Tel Aviv in Hebrew means Spring Hill.
In 1906, Akiva Aryeh Weiss from Łódź became an architect and president of a construction cooperative called Akhuzat Bayita and began working on designing a new Jewish city. It was supposed to be the first Hebrew city in two thousand years, born out of a longing for a place where Jews from many countries could feel free and safe. In 1908, 5 hectares of dunes northeast of Jaffa were purchased.
Tel Aviv was founded on April 11, 1909. On that day, several dozen families gathered on the sand dunes on the beach outside Yafo to allocate plots of land for a new neighborhood they called Ahuzat Bayit, later known as Tel Aviv. Weiss presided over the so-called shell lottery. It involved drawing shells containing plot numbers. 66 Jewish families took part in it.
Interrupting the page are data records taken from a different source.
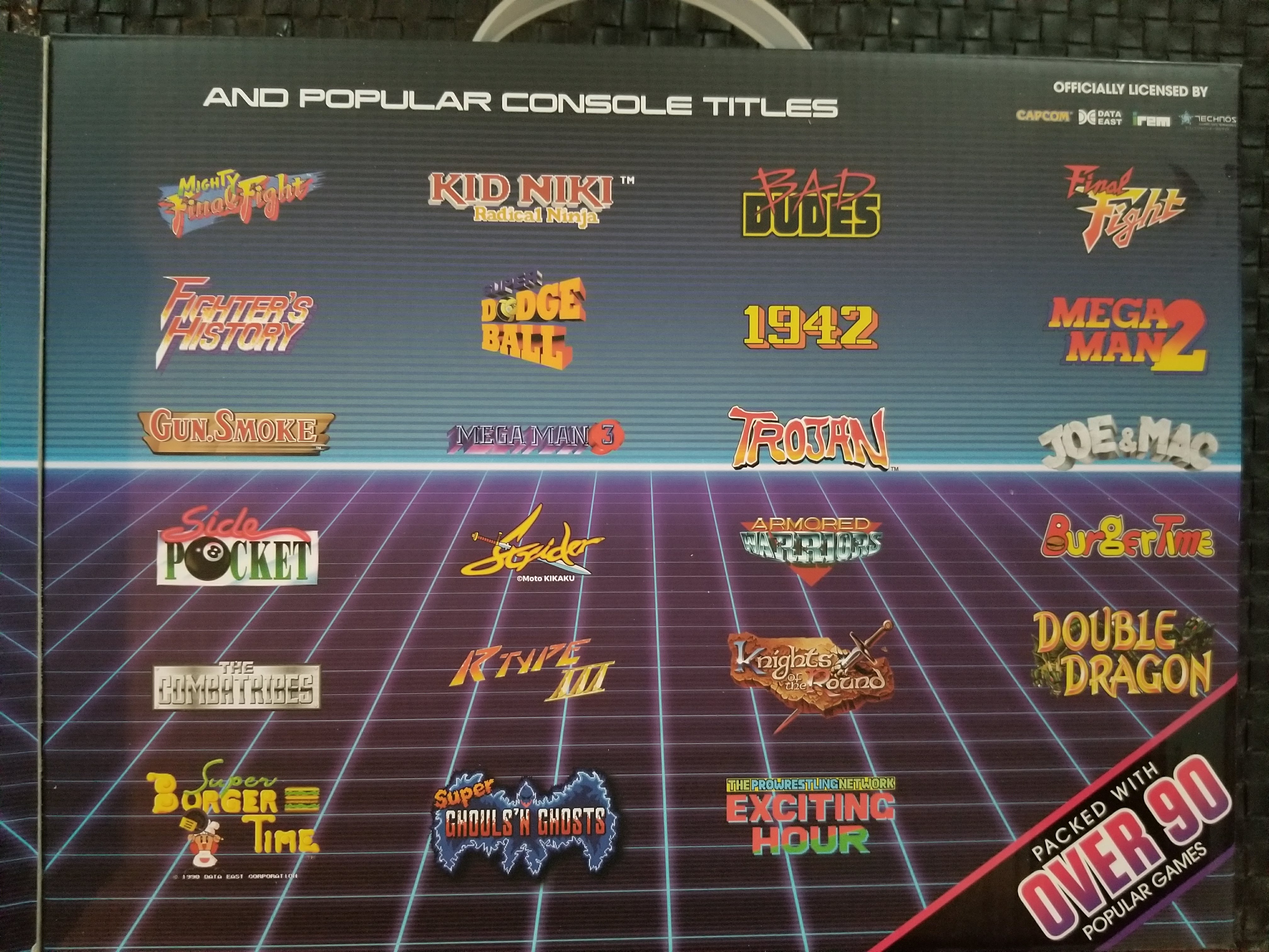 Let’s start with the packaging, it looks great, eye-catching with Mega Man on the cover, lift up the lid and you get a breakdown of the most popular bunch of the titles in the console. Flip it over you get some details and a full list of titles included. The box is made for portability as it has a built in handle. Go here to see complete list. See pics below: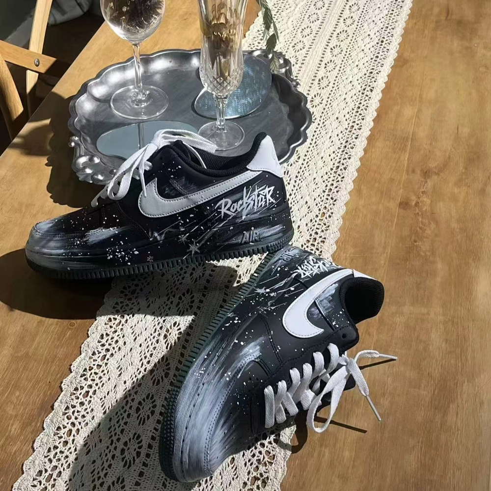 [Custom Pulse Galaxy] Air Force 1 Skateboard Shoes Unisex Low-Top White/Black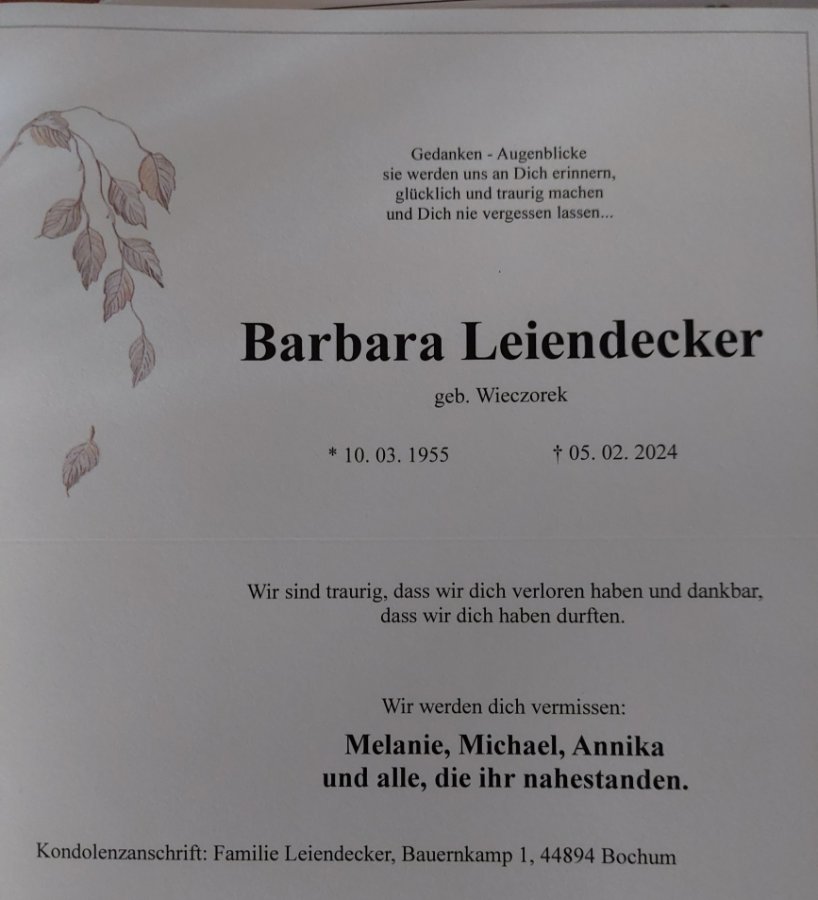 Barbara Leiendeckergestorben am 5. Februar 2024

The city was founded by the Yishuv (Jewish residents) and initially given the Hebrew name Ahuzat Bayit (‘House Estate’ or ‘Homestead’), the namesake of the Jewish association that established the neighborhood as a modern housing estate on the outskirts of the ancient port city of Jaffa, then part of the Mutasarrifate of Jerusalem within the Ottoman Empire. On May 21, 1910, the new settlement was officially named Tel Aviv, which means “Spring Hill.” This name was selected in 1910 from several proposals. Weiss suggested it. This is how the emigrant from Łódź became a permanent part of Israel’s history.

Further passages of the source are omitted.